What is the age of the Earth is time does not exist?

Robert asked:

What is the age of the Earth if time does not exist?

Answer by Geoffrey Klempner

This is a nice question, which illustrates the difference between a metaphysical proposition and an empirical or mundane claim.

If it is a metaphysical truth that time does not exist, or is ‘unreal’ as McTaggart argued in The Nature of Existence (1921-7), then there is no past or future, nothing is young or old, time does not pass. Does that mean that everything remains the same? No, because ‘remaining the same’ itself implies temporal distinctions. The houses outside my window remain the same while the clouds move.

A similar point could be made about the size of the Earth if matter and the physical universe do not exist, as Berkeley claimed in his philosophy of immaterialism. From a metaphysical standpoint, there are no ‘material’ objects. All reality exists as ideas in the mind of God. Yet the world of our experience exhibits differences of physical size and mass ‘as if’ there were material things.

Even for a McTaggart, there are mundane or empirical truths which are unaffected by one’s metaphysical theory. ‘It’s now time for tea,’ as the tea lady knocks on the door of the philosopher’s study and McTaggart takes a break from writing his great metaphysical treatise.

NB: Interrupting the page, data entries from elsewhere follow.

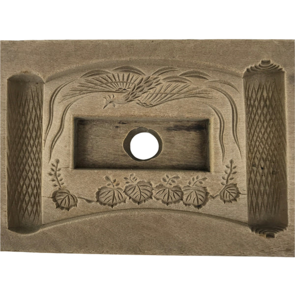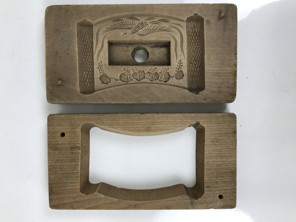 This two-panel kashigata mold is carved with the design of a scroll-like frame with a phoenix (Ho-oh) and flowers with leaves. There is an empty spot at the center to place a smaller text kashigata piece (not included). This mold can be used to make sweets or as an eye-catching decorative item.
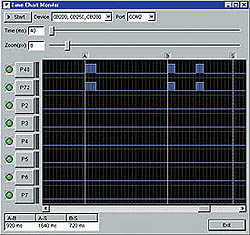 Le second est un écran analyseur qui vous permettra lorsque le CUBLOC™ est en action de faire l’acquisition de 8 de ses Relays (avec possibilité de réglage de la base de temps) afin de pouvoir ensuite visualiser toute la séquence mémorisée (avec des fonctions zoom) tout en ayant à votre disposition des curseurs de mesures que vous pourrez déplacer sur les différents signaux.
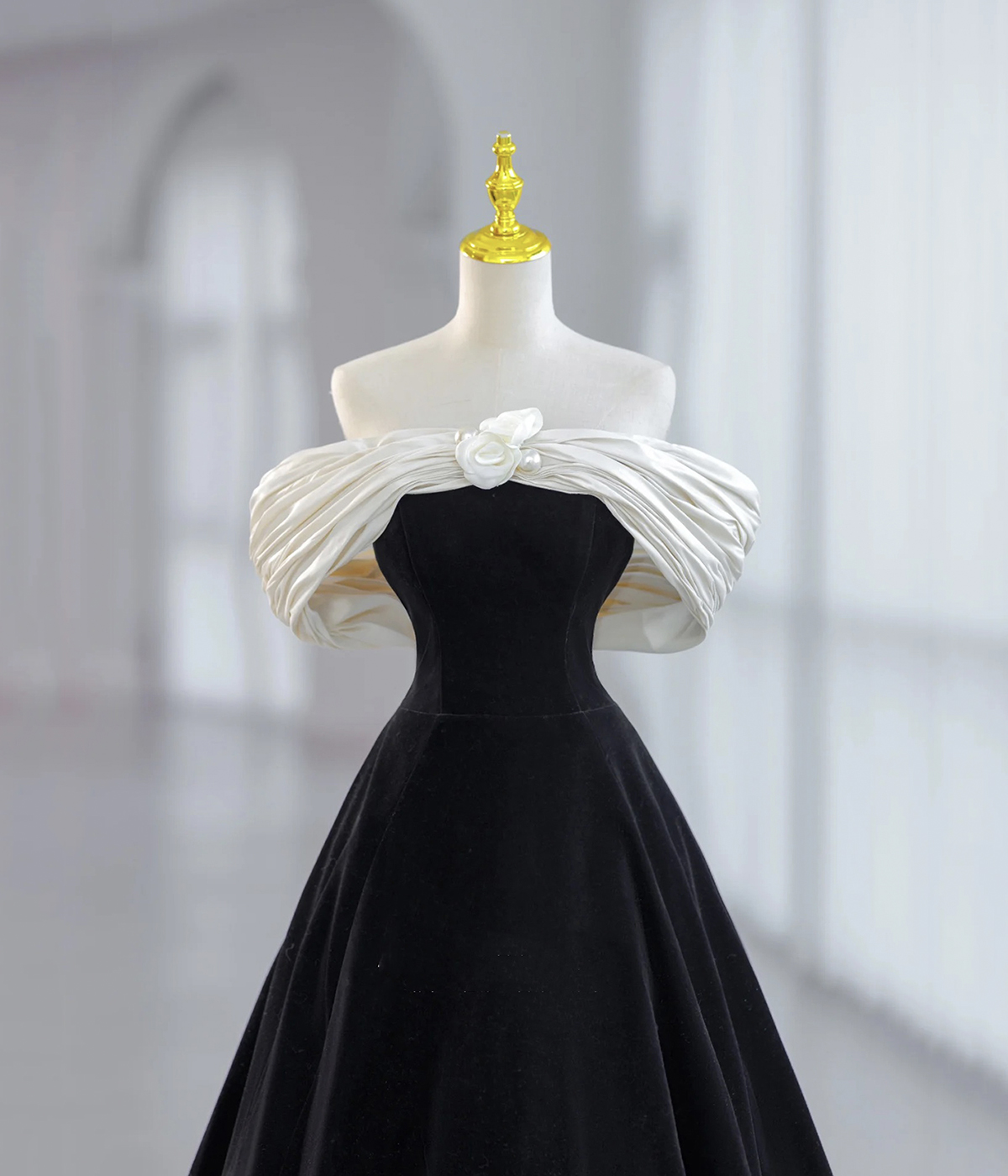 - Black Velvet Short Prom Dress, Black Off Shoulder Evening Dress -
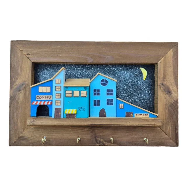 جاکلیدی دیواری دستساز با طرح خانههای سهبعدی دهکده، ساخته شده از چوب ترموود با کیفیت بالا و قاب چوبی مستحکم و مقاوم در برابر رطوبت. خانهها با رنگهای پاستیلی ملایم و پنجرههای برجسته و نقاشیشده تزئین شدهاند و پشتزمینه با رنگ اکرولیک هنرمندانه طراحی شده است. این جاکلیدی علاوه بر کاربردی بودن، جلوهای دکوراتیو و دلنشین به فضای شما میبخشد و گزینهای ایدهآل برای هدیه دادن یا زیبا کردن دیوار خانه است.
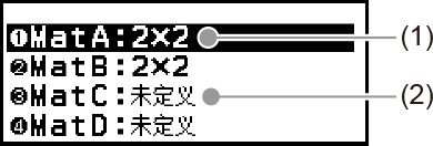 矩阵变量列表界面是操作入口,如果将矩阵存储到矩阵变量 MatA、MatB、MatC 或 MatD,或要编辑之前存储的矩阵,应使用此界面。每个矩阵变量的状态如下图所示。
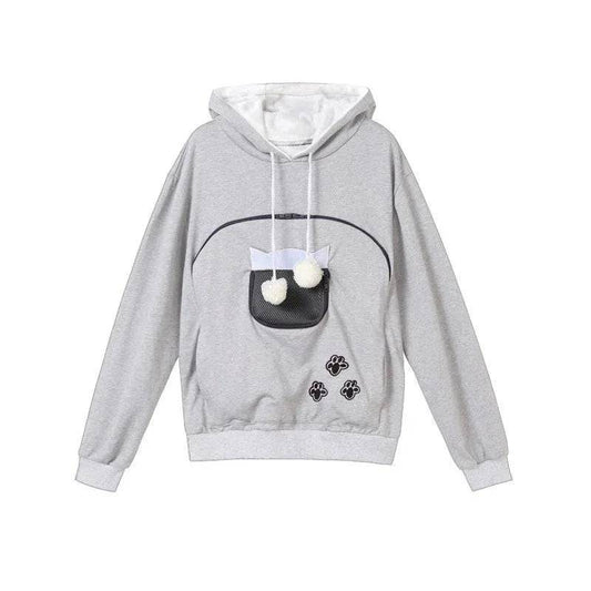 Light Gray High Quality Sweatshirt Cat Dog Lovers Hoodies Kangaroo Pet Paw Ears Cuddle Pouch Pullovers

In these terms, the Earth has an age whether metaphysically time is real or not.

In the heyday of Oxford philosophy, this double stance was regarded with great suspicion. J.L. Austin put the point succinctly in the context of theories of perception: ‘There’s the bit where you say it and the bit where you take it back’ (Sense and Sensibilia, 1962).

Would Austin similarly complain that my desk top is solid wood but also from the point of view of fundamental physics mostly empty space? It seems a perfectly reasonable thing to say. Depending on one’s interests — which include theoretical interests from physics, or metaphysics, or some other way of describing the world — the properties we attribute to things vary. The very meanings of the words we use vary. I don’t have a problem with that.